In August 2021, Lipocine announced positive topline 36-week results from its Phase 2 proof of concept LiFT ("Liver Fat intervention with oral Testosterone") clinical study investigating LPCN 1144 in men with biopsy-confirmed NASH. Key secondary endpoints post 36 weeks of treatment include assessment of histological change for NASH resolution and/or fibrosis improvement.
Lipocine held a Type C meeting with the U.S. Food and Drug Administration ("FDA") to discuss the clinical development path for LPCN 1144 in non-cirrhotic non-alcoholic steatohepatitis ("NASH").
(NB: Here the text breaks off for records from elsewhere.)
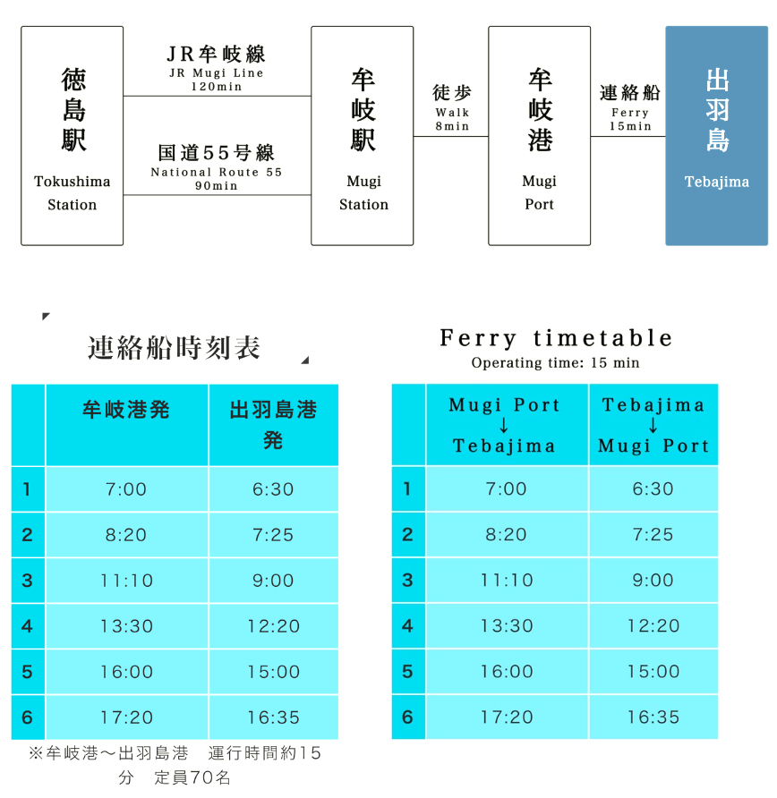 Mugi Port – Tebajima Port Approximate travel time: 15 minutes Capacity: 70 passengers
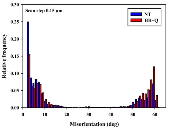 The distributions of grain boundary misorientations in the untempered NT and HR+Q samples.
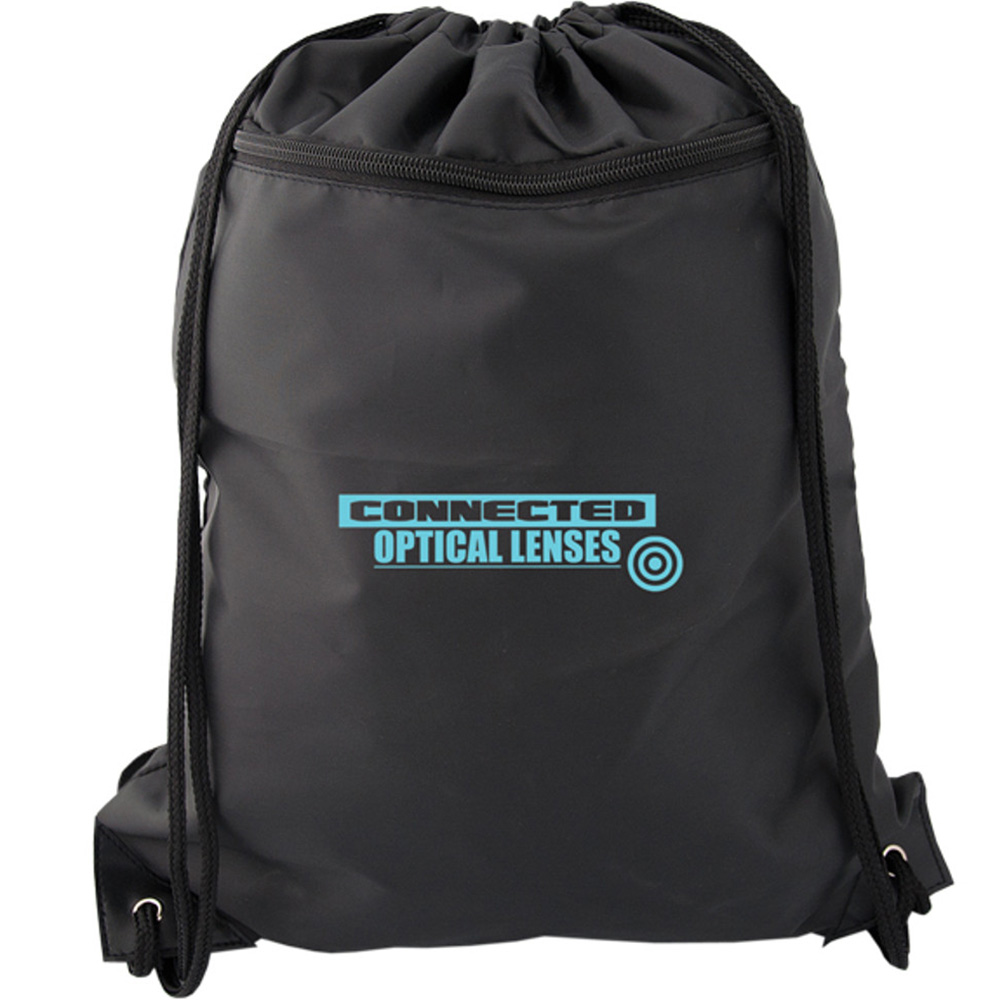 210D Polyester. Black double cords that act as drawstring closure and straps for backpack. Large front zippered pocket. Black rubber reinforced bottom corners around silver metal grommets. Price includes one colour, one location imprint.
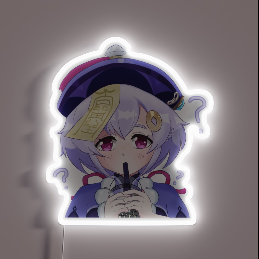 Brighten up your space with this unique Qiqi drinking boba themed RGB neon sign, featuring vibrant colors and energetic vibes perfect for fans of Genshin Impact.
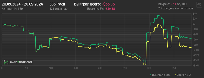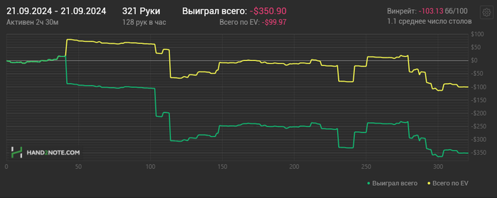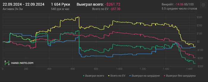 Играл на концентрации мало столов (просто не было много игры). На отметке 850 рук падение красной - сделал хороший фолд в дипах (разобрано).
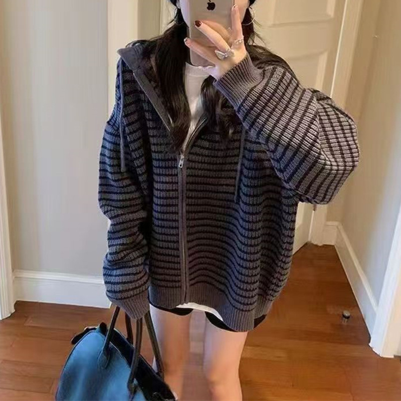 2025冬季新款宽松休闲连帽慵懒风毛衣外套上衣条纹拉链针织开衫女
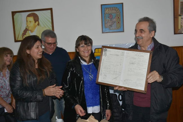 Antes de compartir un Almuerzo con la militancia en la mencionada sede partidaria , recibió como  obsequio un cuadro con la réplica de la Partida de Nacimiento del General Juan Domingo Perón, de manos de las mencionadas Norma Ali y Mara Pérez .
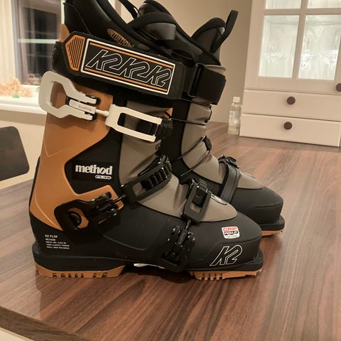 K2 FL3X Method alpinstøvler i brun og svart farge. Støvlene har tre spenner og bredt powerstrap øverst for god justering rundt leggen. Yttersålen har grovt mønster for bedre feste ved gange på snø og is. Modellen har skall som kan varmetilpasses (shell heat moldable) for bedre passform. Egnet til alpint/frikjøring i alpinanlegg.

The FDA suggested a Phase 3 trial with a primary multicomponent surrogate endpoint and indicated a study duration of 72 weeks would be adequate for seeking approval under an accelerated pathway, if successful.
TLANDO

Lipocine entered into a license agreement with Antares Pharma in 2021 to commercialize TLANDO in the U.S.
The FDA accepted a New Drug Application ("NDA") resubmission for TLANDO (testosterone undecanoate) and designated the NDA as a Class 1 resubmission with a two-month review goal period and set a target action date of March 28, 2022, under the Prescription Drug User Fee Act ("PDUFA").
Neuroactive Steroids

The FDA has cleared an investigational new drug ("IND") application to conduct a Phase 2 proof of concept study of LPCN 1154, an oral endogenous neuroactive steroid ("NAS") product candidate, in postpartum depression.
An IND application is planned to be filed with the FDA in the second quarter of 2022 for LPCN 2101 to conduct and IND opening proof-of-concept study in women with epilepsy of childbearing age.
Year Ended December 31, 2021 Financial Results
Lipocine reported a net loss of $634,399, or ($0.01) per diluted share, for the year ended December 31, 2021, compared with a net loss of $21 million, or ($0.38) per diluted share, in the year ended December 31, 2020.
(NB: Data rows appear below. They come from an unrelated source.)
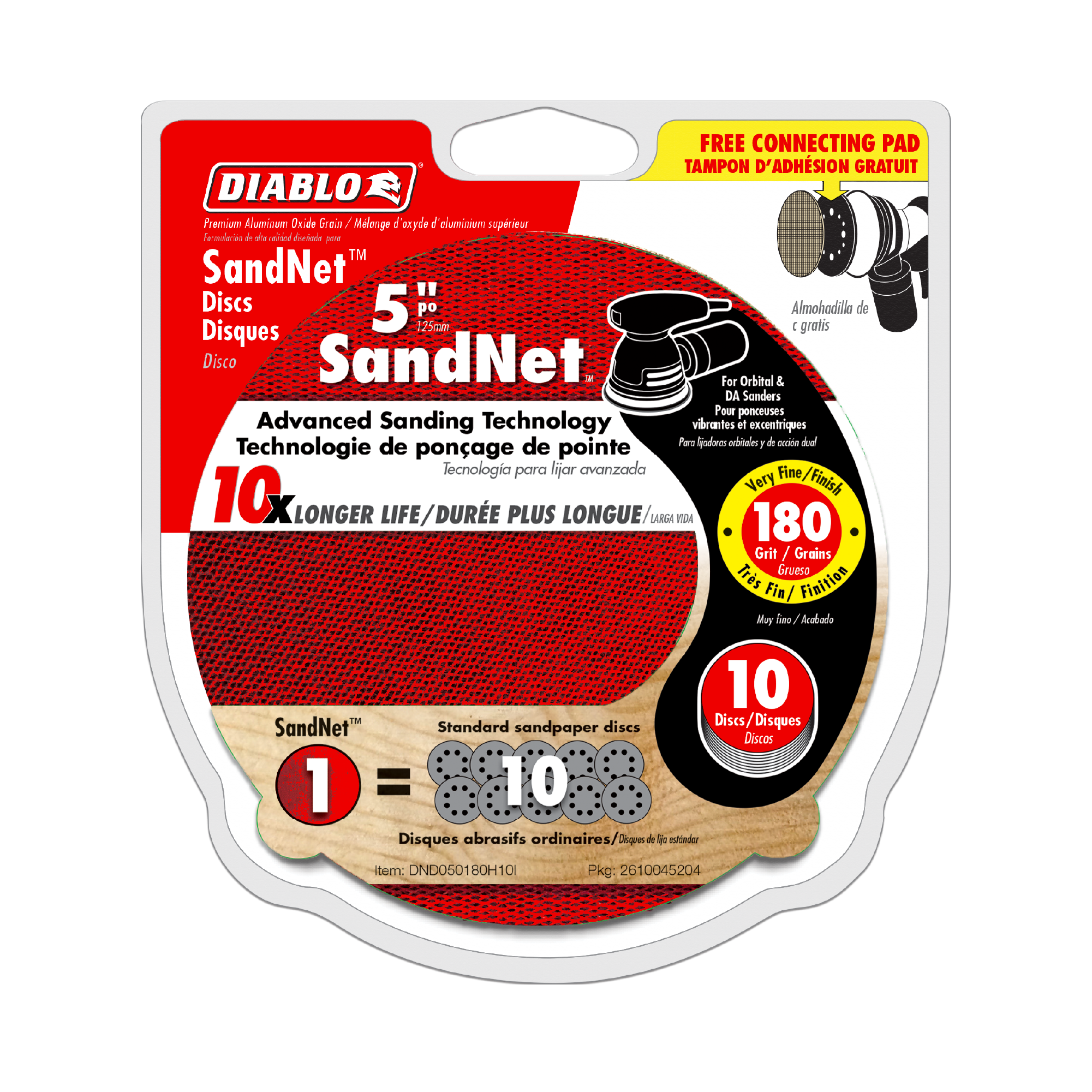 Diablo DND050180H10I 5" 180-Grit SandNET™ Reusable Sanding Discs with Connection Pad (10-Pack)
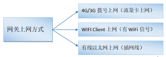 進(jìn)入網(wǎng)關(guān)WEB管理界面(http://192.168.2.1/)設(shè)置聯(lián)網(wǎng)方式,可選WIFI網(wǎng)絡(luò)、3/4G網(wǎng)絡(luò)(需要在網(wǎng)關(guān)通電前插入手機(jī)SIM卡,默認(rèn)已開啟3/4G網(wǎng)絡(luò))、WAN外網(wǎng),三者只能選一個(gè)。
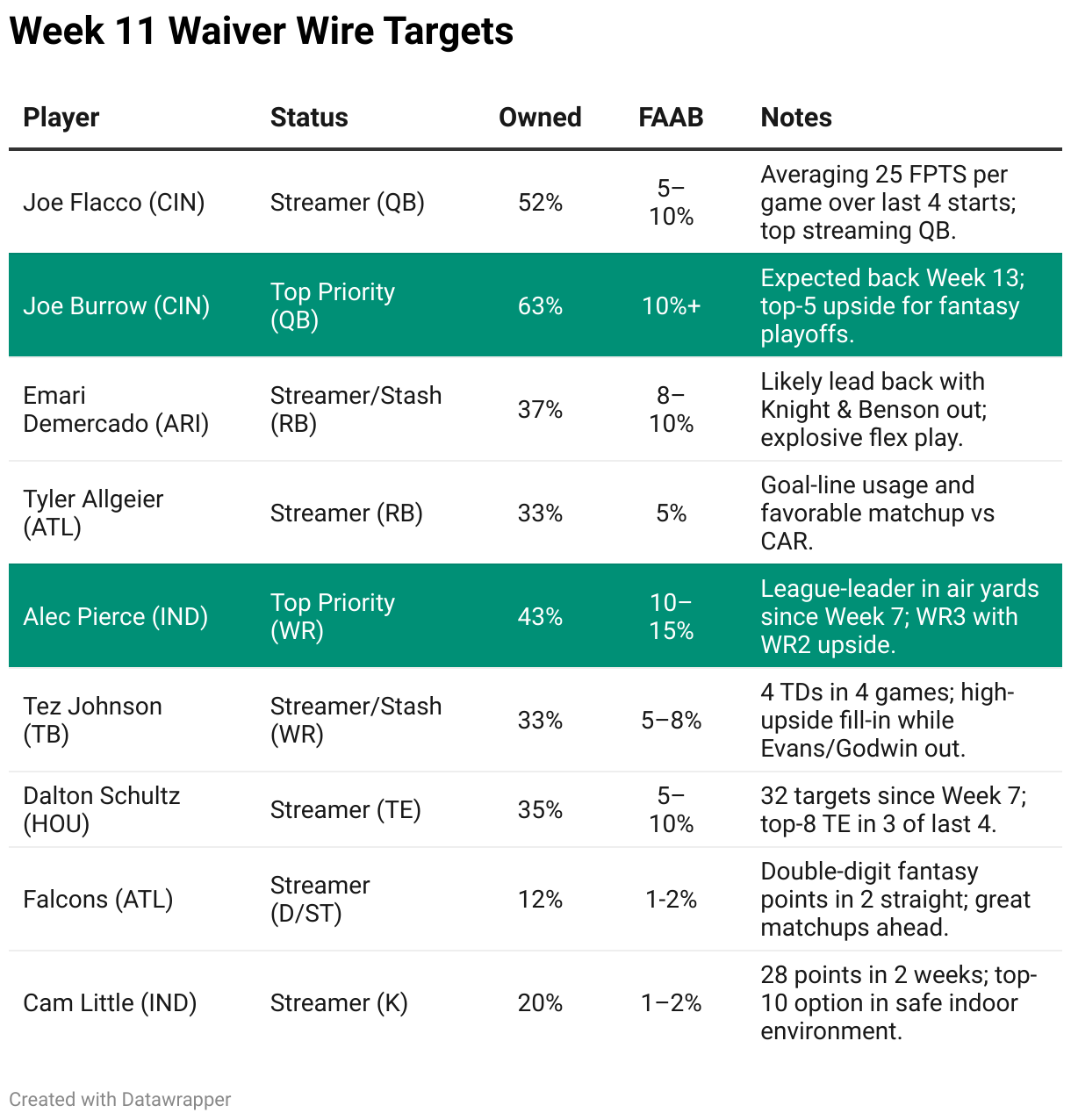 Below are the top players to target ahead of Week 11 — plus FAAB recommendations and matchup context for each position.

Lipocine recognized revenue of $16.1 million during the year ended December 31, 2021, compared to no revenue during the year ended December 31, 2020. Revenue in 2021 primarily related to licensing fees, minimum royalties and the sale of finished goods materials we received in accordance with the Antares Licensing Agreement for TLANDO which was signed on October 14, 2021.

Research and development expenses were $7.7 million for the year ended December 31, 2021, compared with $9.7 million for the year ended December 31, 2020. The decrease in research and development expenses during the year ended December 31, 2021 was primarily due a decrease in contract research organization expense and outside consulting costs related to the LPCN 1144 LiFT Phase 2 clinical study in NASH subjects, a decrease in costs associated with TLANDO and a net decrease in personnel expense, as well as decreases in other R&D expenses. These decreases were offset by increases in costs related to LPCN 1154, LPCN 1148 and LPCN 1107.
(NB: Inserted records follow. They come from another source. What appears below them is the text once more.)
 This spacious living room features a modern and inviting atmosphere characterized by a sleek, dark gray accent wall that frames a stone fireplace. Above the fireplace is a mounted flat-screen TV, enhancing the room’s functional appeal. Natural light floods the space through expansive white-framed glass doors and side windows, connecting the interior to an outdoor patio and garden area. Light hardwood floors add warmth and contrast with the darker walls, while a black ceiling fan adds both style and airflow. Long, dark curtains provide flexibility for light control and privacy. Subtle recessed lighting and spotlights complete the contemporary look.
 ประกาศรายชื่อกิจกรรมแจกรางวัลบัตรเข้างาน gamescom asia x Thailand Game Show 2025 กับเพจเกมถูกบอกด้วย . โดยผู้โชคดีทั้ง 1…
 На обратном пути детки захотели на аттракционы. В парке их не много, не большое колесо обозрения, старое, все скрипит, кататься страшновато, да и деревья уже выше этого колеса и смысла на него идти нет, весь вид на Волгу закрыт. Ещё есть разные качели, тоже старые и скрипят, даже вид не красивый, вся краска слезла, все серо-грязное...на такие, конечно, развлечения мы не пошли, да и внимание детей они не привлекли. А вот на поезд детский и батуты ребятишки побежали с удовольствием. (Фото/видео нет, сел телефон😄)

General and administrative expenses were $5.3 million for the year ended December 31, 2021, compared with $8.2 million for the year ended December 31, 2020. The decrease in general and administrative expenses during the year ended December 31, 2021 was primarily due to decreases in legal costs and personnel costs, offset by an increase in corporate insurance expenses and in other general and administrative expenses.

Lipocine recorded an expense of $4.0 million on litigation settlement during 2021 related to the Global Agreement with Clarus to resolve all outstanding claims in the on-going intellectual property litigation between the two companies as well as the on-going interference proceeding between the two companies. There was no comparable litigation settlement expense in 2020.

As of December 31, 2021, Lipocine had $44.6 million of unrestricted cash, cash equivalents, and marketable investments, compared to $19.7 million of unrestricted cash, cash equivalents and marketable investment securities as of December 31, 2020.